In our study, we employed automated mass segmentation in full-field mammograms to address the limitation of lacking significant mass boundary information in mass detection. This approach offers practical benefits for detecting and diagnosing breast cancer by eliminating the need for manual extraction of regions of interest (ROI) by radiologists. By automating this process, time-consuming and tedious tasks are minimized, making the detection and diagnosis more efficient.Based on the advantages of using artificial intelligence (AI), and deep learning techniques for automatic breast screening tasks, we propose a novel framework for automatic breast cancer segmentation to carry out lumps identification for an effective mass diagnosis in a mammography. The proposed framework capable to achieve a desirable results of segmentation with several pre-processing steps. The proposed study includes of removing artefacts, Li algorithm to minimize the cross-entropy between the foreground and the background, enhancing contrast using contrast-limited adaptive histogram equalization (CLAHE), normalizing, and median filtering.
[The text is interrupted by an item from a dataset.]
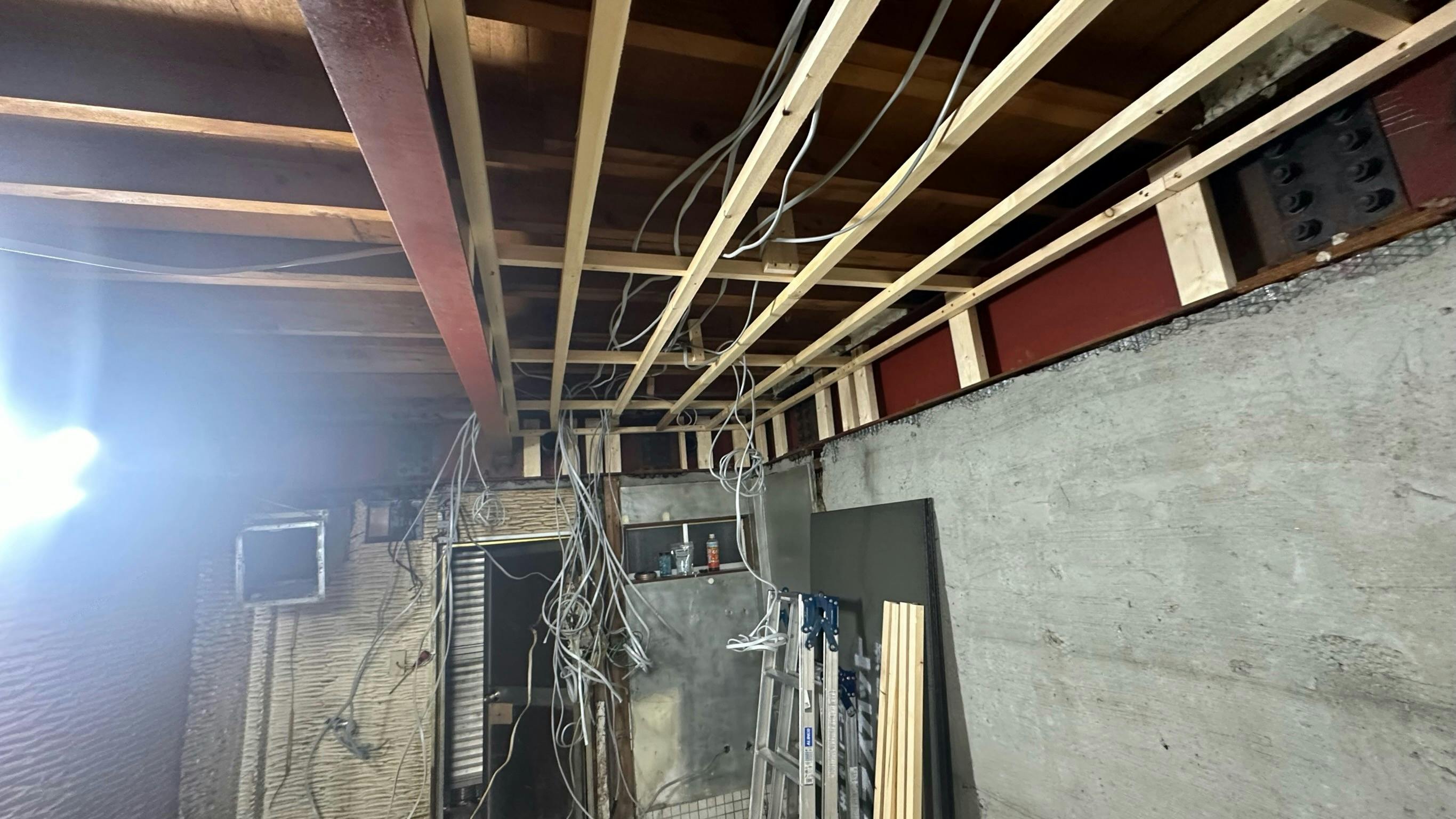 昇竜拳や槍の一撃などで簡単にぬいてしまう恐れもあります、音の問題もありますので木の枠組みを作りそこに断熱、防音材を仕込んでいき蓋をします。

An effective augmentation approaches are used to address the issues of over- and under-fitting. Afterwards, a convolutional encoder-decoder network on the basis of U-net is used to accurately identify suspicious masses. The contributions of this work are summarized as follows:

Various pre-processing steps are performed to accurately segment the breast masses to achieve desired results.
The proposed frame work is tested on two different datasets of INbreast and CBIS-DDSM images.
Extensive comparisons are presented between the proposed model and the state-of-the-art techniques.

Related works

Over the past few years, deep learning methodologies have surged in prominence within the domain of medical imaging [18,19,20], particularly in breast cancer diagnosis [21]. Numerous research endeavors have showcased the prowess of deep learning algorithms in pinpointing and categorizing breast abnormalities across mammograms, breast thermograms [22],ultrasound captures [23], and MRI scans [24]. A notable strength of deep learning frameworks is their capacity to assimilate vast data volumes, enhancing their precision and adaptability. Further, the concept of transfer learning has gained traction; this technique involves priming a model using an expansive dataset before refining it with a more task-specific, smaller dataset.Predominantly, the encouraging outcomes from such research underscore the transformative potential of deep learning in refining the diagnostic accuracy for breast cancer, setting the stage for improved patient prognoses. As we delve into related works, the application of the deep learning models for breast cancer segmentation stands out as a critical area of exploration.

Sun et al. [25] presented the Attention-guided Dense Upsampling segmentation (AUNet). This technique aims to harness the most pertinent details from both high-level and low-level feature sets. In their approach, they employed Bilinear upsampling succeeded by a convolution layer. Subsequently, a Batch normalization layer was utilized as a substitute for the dense upsampling convolution. Notably, they refrained from applying any image augmentation or processing techniques. Their evaluations on the INbreast dataset, employing 5-fold cross-validation, yielded a Dice score of 79.1% for INbreast and 81.8% for CBIS-DDSM. However, cross-validation can sometimes result in overfitting on validation sets, especially when the fold count is minimal. In contrast, our proposed method achieved a Dice score of 87.98% for CBIS-DDSM and 85.61% for INbreast. Our training exclusively utilized the CBIS-DDSM dataset, and testing was conducted on 20% of CBIS-DDSM and all mass images from the INbreast dataset. This suggests that our strategy potentially offers better generalization across varied mammogram datasets.

Hou et al. [26] introduced MTLNet, an attentive multi-task learning network for breast cancer segmentation. By integrating group convolution and attention mechanisms, the model optimizes feature-learning, reducing redundancy. Their model’s effectiveness was validated through a five-fold cross-validation. However, incorporating regularization techniques like dropout and weight decay could potentially enhance its performance on unseen data, suggesting avenues for future refinement.

Yan et al. [27] proposed an advanced deep detection system for automated mass localization that leverages a multi-scale fusion technique. For accurate mass delineation, they employed a convolutional encoder-decoder framework enriched with hierarchical and dense skip linkages. By benchmarking various architectures such as U-Net, CGAN, cascaded U-Net, and v19U-Net++, they observed that the collective average Dice score, when trained on both CBIS and INbreast, amounted to 80.44% for INbreast test visuals.

Li et al. [28] introduced a design where a densely connected convolutional network serves as the encoder and a U-Net with integrated attention gates functions as the decoder. The encoder’s output is transformed into a gating signal vector to filter out irrelevant and noisy responses. Their method attained an F1 score of 82.24% on the DDSM dataset. In contrast, our model recorded an F1 score of 87.98% on the CBIS-DDSM dataset. While they relied solely on the DDSM dataset for both training and testing, there’s a potential benefit in validating their approach across diverse datasets.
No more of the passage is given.